LTX Video Trainer Training
About
Runs training.
1. Calling the API#
Install the client#
The client provides a convenient way to interact with the model API.
npm install --save @fal-ai/client
Migrate to @fal-ai/client
The @fal-ai/serverless-client
package has been deprecated in favor of @fal-ai/client
. Please check the migration guide for more information.
Setup your API Key#
Set FAL_KEY
as an environment variable in your runtime.
export FAL_KEY="YOUR_API_KEY"
Submit a request#
The client API handles the API submit protocol. It will handle the request status updates and return the result when the request is completed.
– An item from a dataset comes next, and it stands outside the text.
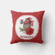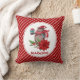 Cute Christmas bear with a scarf, Christmas present, and poinsettia. The background is red with white diagonal stripes. Custom your name

import { fal } from "@fal-ai/client";
const result = await fal.subscribe("fal-ai/ltx-video-trainer", {
input: {
training_data_url: ""
},
logs: true,
onQueueUpdate: (update) => {
if (update.status === "IN_PROGRESS") {
update.logs.map((log) => log.message).forEach(console.log);
}
},
});
console.log(result.data);
console.log(result.requestId);
2. Authentication#
The API uses an API Key for authentication. It is recommended you set the FAL_KEY
environment variable in your runtime when possible.
API Key#
import { fal } from "@fal-ai/client";
fal.config({
credentials: "YOUR_FAL_KEY"
});
Protect your API Key
When running code on the client-side (e.g. in a browser, mobile app or GUI applications), make sure to not expose your FAL_KEY
. Instead, use a server-side proxy to make requests to the API. For more information, check out our server-side integration guide.
3. Queue#
Submit a request#
The client API provides a convenient way to submit requests to the model.
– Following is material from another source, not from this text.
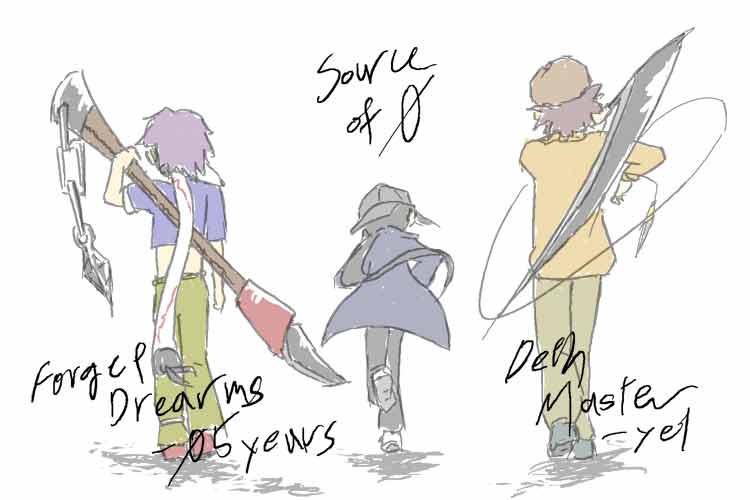 まぁどのみちやりますよって話。でもまた部活が...orz 気合い入れていきましょう。 半端は嫌です。何より他人が頑張ってるのに一人ぼさっとしてるのは嫌です。 自分の作品ならまだしも、人様の作品なんだから。全力で。うむ。 半端と言えば気持ちも半端だったわけですが。 スッキリしているようでしていない。 自分に納得しているようでしていない。 なんかこう、引っかかって引っかかって。 ・・・だったんだけども。自問自答してたら原因発覚。 というのも、人に言ったことを自分に言ってみただけなんだけども。 オレの場合、口から出る言葉にせよメッセにせよ。 大抵その場ですぐ外に吐き出した言葉なんてものは嘘八百で。 改めて考えれば考えるほど「ここはこう言うべきだっただろうに」があった。 だから自分の吐き出した言葉を後々自分で考え直して、 それに納得するなんてことはあり得なかった。 でも今回は珍しく、吐き出した言葉に後々納得してしまった。 何が違ったのか。あくまで自分の意見だったから? それまでの話の流れに流されるのではなく、話を聞いて自分の意見を言ったから? 「あ〜そうやね」だなんて言わず。 「それってこうなんちゃう?」と、勝手な解釈なのに言い続けて。 もう遠慮なく。否定されること前提で。 でもそれに後々納得した自分がいることを思えば、 がむしゃらでも筋の通る話が出来たことに、自分で驚くわけで。 その時話したことと、今までの自分の行動を照らし合わせると・・・ 事実と可能性に対する見方は時間的問題も含まれる、ということかもしれない。 これまでの解釈は・・・ 確かに可能性が0でない限り、それを実現する方法は存在するが、 0に限りなく近いこと自体は事実であり、それを常識の範囲で「できる」というには あまりにも遠すぎる、というもの。 でもそれは現状の話であって、意志の持ち方の話じゃなかった。 というのも・・・ 可能性を信じて行動する行為と、事実を現実として認めて何もしない行為と。 これはあまりにも真逆の行為になってしまう。 じゃあそれを自分に当てはめたら、自分はどんな行為をして来た? 確かに僅かな可能性を信じて、何かを求めていた時期もあった。 逆に事実は事実、諦めの範疇で出て来た答えを決行しようとしたこともあった。 でもその時自分は納得しなかった。自分が諦めていることを知っていたから? じゃあ何だろう。 自分は諦めたくなかったのかもしれない。 今は確かにこうだけど、方法がないわけじゃない。 どこかでそう思っていて、途中での妥協を否定していたのかもしれない。 皆同じじゃない。同じようなことを出来るわけじゃないし、考え方も違う。 それは分かる。自分が他人になれないことも分かってる。 でも、だからって諦める諦めないも一緒なんだろうか? 「自分はあの人じゃないんだから、あの人と同じことはできない」 確かにそうかもしれない。でもその可能性が0だと誰が決めたんだろう? そこで諦めて何もしない自分がいるのか。 完全に同じことが出来なくても目指そうとするのか。 自分ならどうするだろう?自問自答。 「それがこの世に存在している事実なら、それを実現する方法があるということ」 「新しいものが作れなくとも、それを目指すことは出来るはず」 「何か方法はあるはず」 その考え方に従って一番オレの中で大きな位置を占めている代表的具体例。 それは、どうしようもなく素晴らしい絵。 確かにそれを描く技術は素晴らしい。でも現実に存在しているのなら。 寸分の狂いもなくマネすればいいんだろう? パソコンで描くものなんかは特に。 グラデーションを描くにしても、ツールがなくったって1ドットずつ描けばいい。 時間の問題だけで、それが出来ないわけじゃない。 想像した作業量に先にゲンナリしてしまっているだけ。 不可能じゃない。出来る。 絵柄だってパーツの1つ1つの比率、主線の太さ、遠近の出し方、 特徴的な細部の描き方、塗りの程度、構図・・・ 何枚もある絵を総合的に評価することは難しいけど、1枚だけなら分かりやすいはず。 この絵のこの部分はこうなってる。こうなってる。 出来るはず。 出来るということは分かってる。ただしていないんだ。 でもしないなら出来ないことと同じ。 現実に実現出来ていないのなら、テストの結果と同じ。 「先生、分かってるんです!これは自力で解けます!」 「でも実際のテストの結果は変えられないだろう」 そう言われても仕方がない。それが事実となってしまったのだから。 残さなきゃ意味がない。やらなきゃ意味がない。 それが考えとして実現可能だとしても、実現しなければ意味がない。 しようとしなきゃ意味がない。 1つ目指す形があるとして、それを実現しようとする。 オレならどうするだろう? 実現できる方法はある。それをしようとしなきゃ意味がない。 実際やってみる。でも、結局出来ない。完全な形には辿り着けない。 昔の自分は・・・ 数学も物理も、考え

import { fal } from "@fal-ai/client";
const { request_id } = await fal.queue.submit("fal-ai/ltx-video-trainer", {
input: {
training_data_url: ""
},
webhookUrl: "https://optional.webhook.url/for/results",
});
Fetch request status#
You can fetch the status of a request to check if it is completed or still in progress.
import { fal } from "@fal-ai/client";
const status = await fal.queue.status("fal-ai/ltx-video-trainer", {
requestId: "764cabcf-b745-4b3e-ae38-1200304cf45b",
logs: true,
});
Get the result#
Once the request is completed, you can fetch the result. See the Output Schema for the expected result format.
import { fal } from "@fal-ai/client";
const result = await fal.queue.result("fal-ai/ltx-video-trainer", {
requestId: "764cabcf-b745-4b3e-ae38-1200304cf45b"
});
console.log(result.data);
console.log(result.requestId);
4. Files#
Some attributes in the API accept file URLs as input. Whenever that's the case you can pass your own URL or a Base64 data URI.
Data URI (base64)#
You can pass a Base64 data URI as a file input. The API will handle the file decoding for you. Keep in mind that for large files, this alternative although convenient can impact the request performance.
Hosted files (URL)#
You can also pass your own URLs as long as they are publicly accessible. Be aware that some hosts might block cross-site requests, rate-limit, or consider the request as a bot.
Uploading files#
We provide a convenient file storage that allows you to upload files and use them in your requests. You can upload files using the client API and use the returned URL in your requests.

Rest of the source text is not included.